The European Central Bank left interest rates unchanged at 2.25% in its Thursday January 12 meeting. ECB president Jean-Claude Trichet said that on the basis of regular economic and monetary analyses, we have decided to keep the key ECB interest rates unchanged following the increase of 25 basis points on 1 December 2005
"Maintaining price stability in the Euro zone over the medium term is our guiding principle, and we will consistently apply it when examining new information, making our judgements and taking decisions", explained Mr. Trichet who added that with interest rates across the whole maturity spectrum remaining historically low in both nominal and real terms, and with the ECB monetary policy stance remaining accommodative, "we will continue to monitor very closely all developments with respect to risks to price stability over the medium term".
Mr. Trichet added that according to information available, real GDP growth in the Euro zone did indeed improve in the second half of 2005, as expected. According to Eurostat's first estimate, real GDP grew at a quarter-on-quarter rate of 0.6% in the third quarter of 2005, compared with 0.4% in the second quarter. The breakdown of GDP data for the third quarter of 2005 confirmed a stronger contribution from domestic demand. Moreover, recent economic indicators and survey data support the view that the expansion of economic activity broadly maintained its momentum in the fourth quarter of 2005 and will continue to do so in the first months of 2006, notwithstanding the impact of high oil prices.
Looking further ahead conditions remain in place for sustained growth of economic activity in line with staff projections and other available forecasts. On the external side, the continued strength of global demand should support euro area exports. On the domestic side, investment should further benefit from continued very favourable financing conditions, robust corporate earnings and gains in corporate efficiency. Consumption growth should gradually rise, broadly in line with expected developments in disposable income.

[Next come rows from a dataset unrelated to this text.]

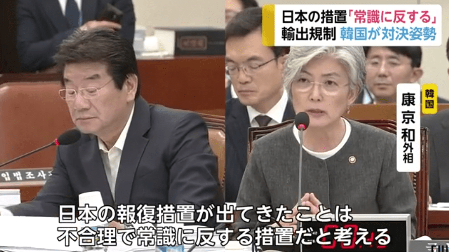 韓国の康京和(カン・ギョンファ)外相は、「日本の報復措置が出てきたことは、不合理で常識に反する措置だと考える」と述べた。
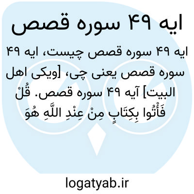 [ویکی اهل البیت] آیه 49 سوره قصص. قُلْ فَأْتُوا بِکِتَابٍ مِنْ عِنْدِ اللَّهِ هُوَ أَهْدَیٰ مِنْهُمَا أَتَّبِعْهُ إِنْ کُنْتُمْ صَادِقِینَ
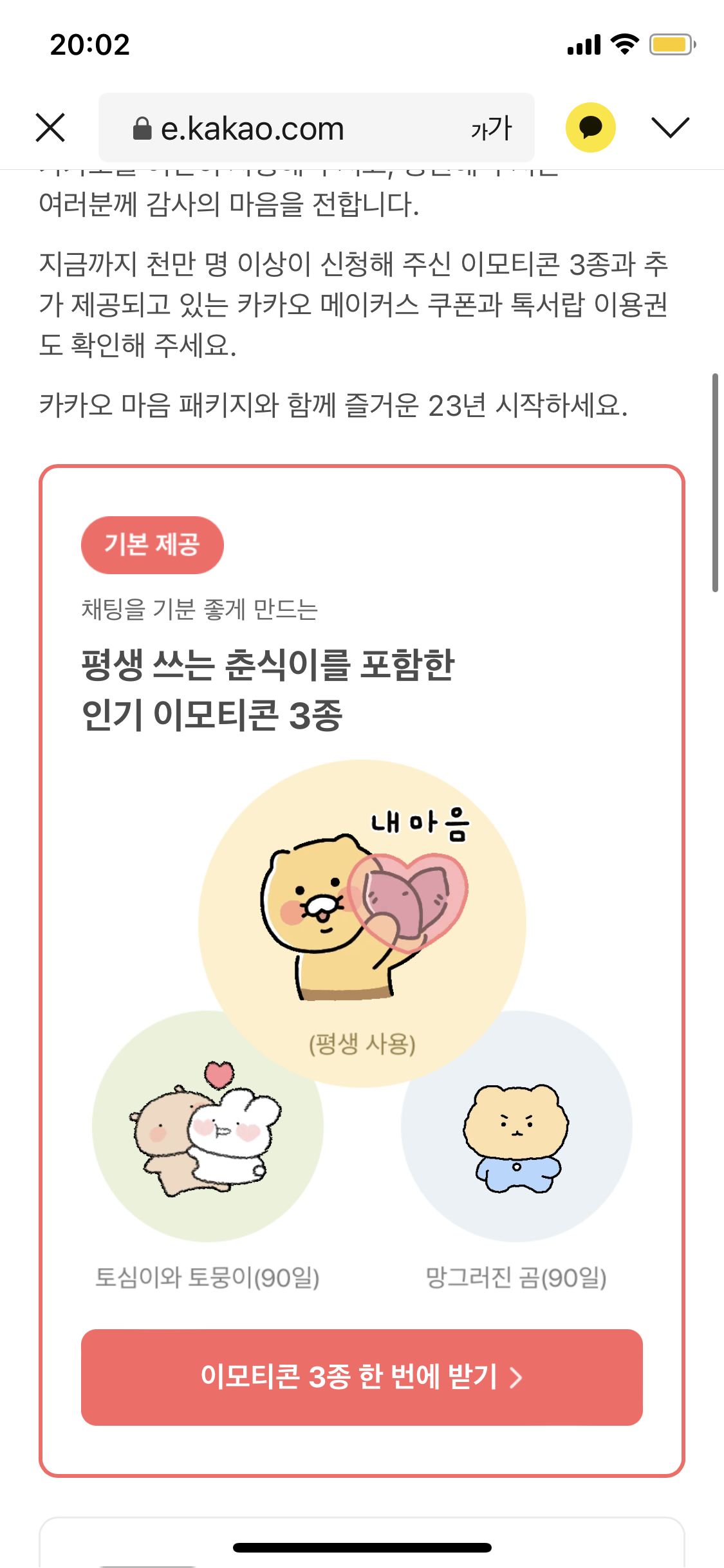 3. 클릭 후 아래로 내려서 '이모티콘 3종 한 번에 받기' 클릭
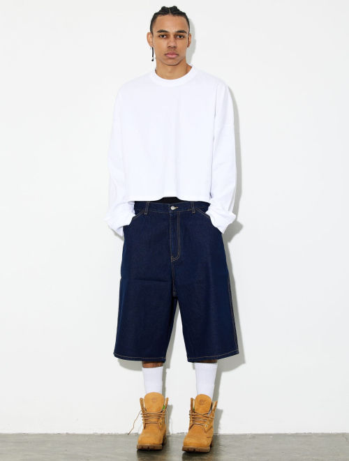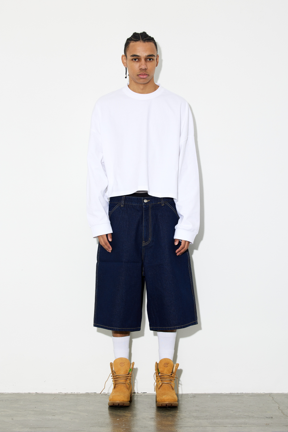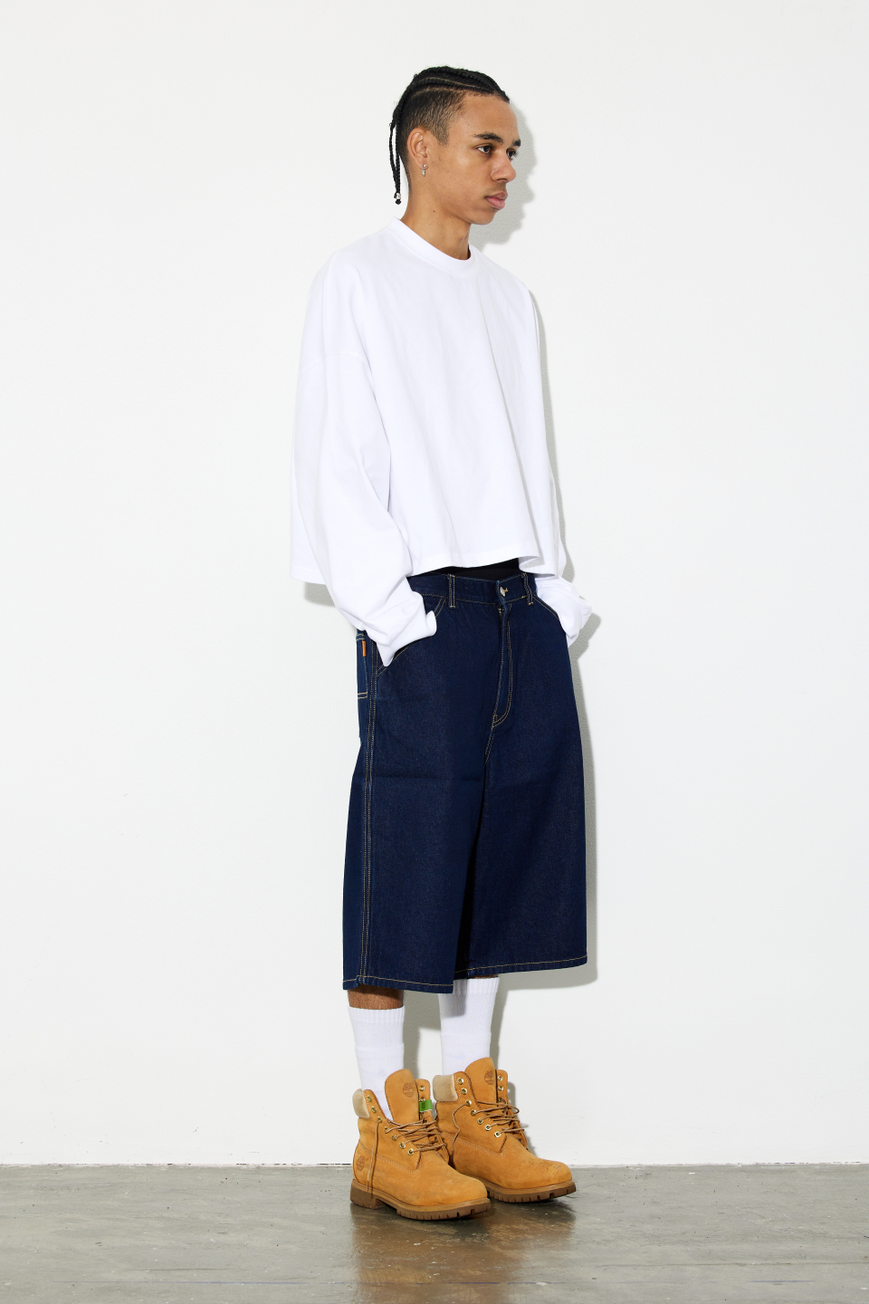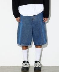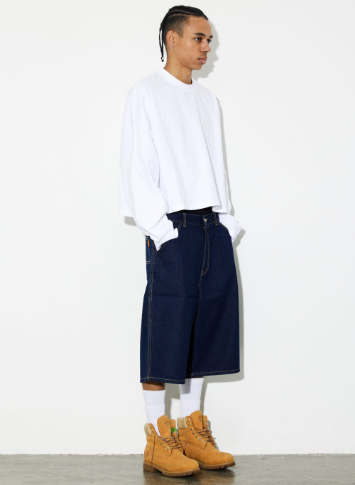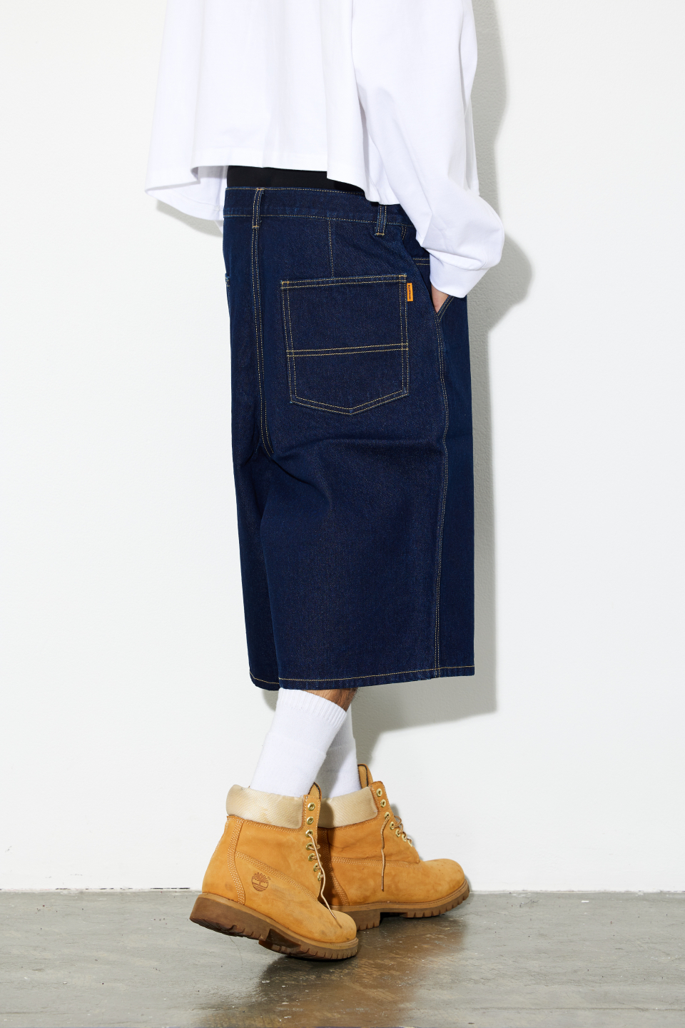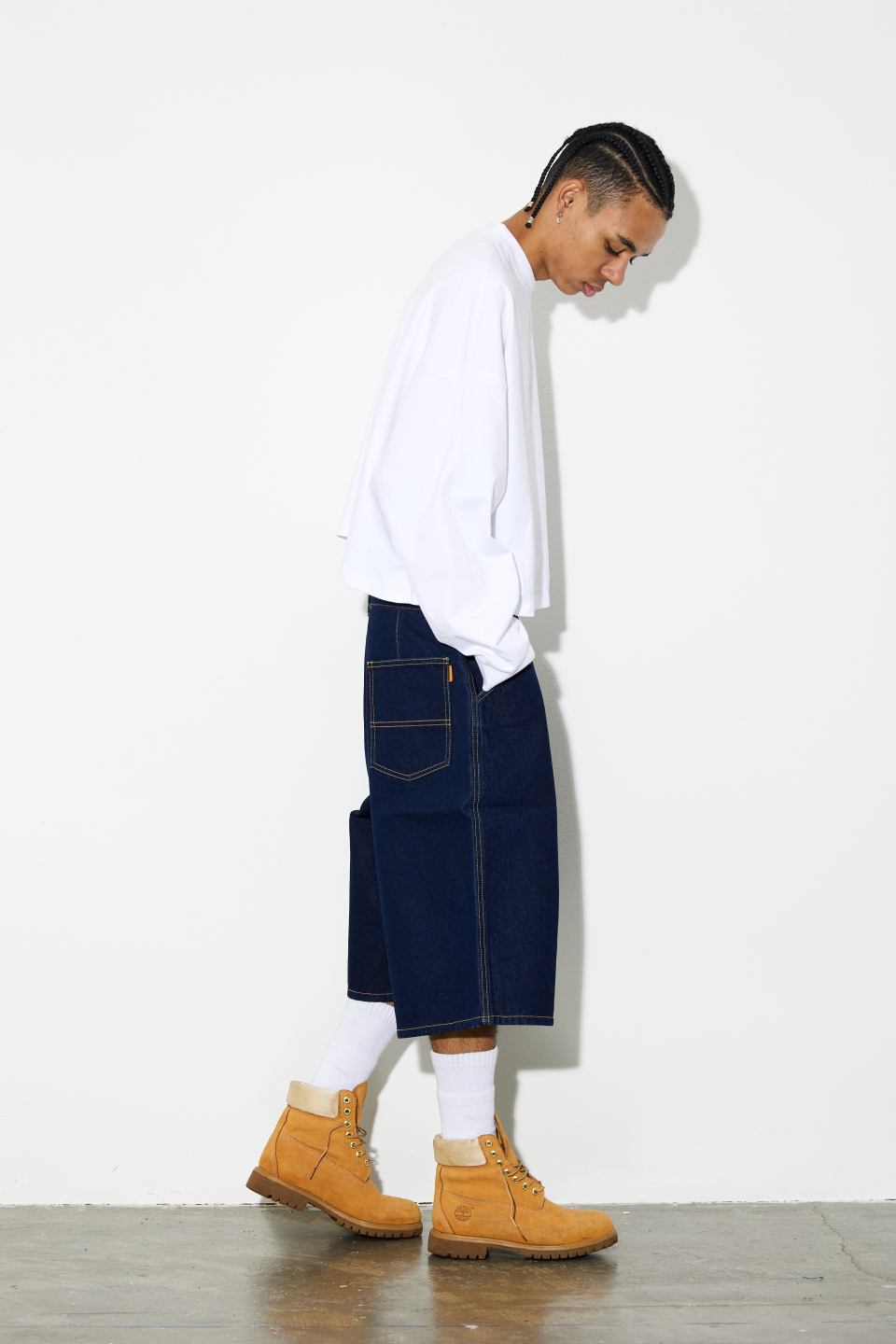 1.정강이가지 내려오는 버뮤다핏의 데님 숏팬츠 입니다.

As to risks for economic growth they relate to high and volatile oil prices, concerns about global imbalances and the level of consumer confidence in the euro area, although the latter is improving.
Price developments also are encouraging since annual HICP inflation was 2.2% in December, according to Eurostat's flash estimate, compared with 2.3% in November and 2.5% in October. This decline was the result of some relaxation of earlier tensions in oil and petrol markets. Nevertheless, annual HICP inflation rates are expected to remain at elevated levels over the short term, mainly on account of the most recent increases in oil prices and some adverse base effects.
"Beyond the short term, indirect effects of past oil price rises on other components of the price index may gradually materialize, and already announced changes to administered prices and indirect taxes can be expected to have an upward impact. Meanwhile, wage increases have remained moderate over recent quarters. All in all, the information available remains consistent with the scenario for price developments as reflected in the December staff projections ".
Risks to this scenario remain on the upside and include further rises in oil prices, additional increases in administered prices and indirect taxes, as well as ? more fundamentally ? potential second-round effects in wage and price-setting behaviour.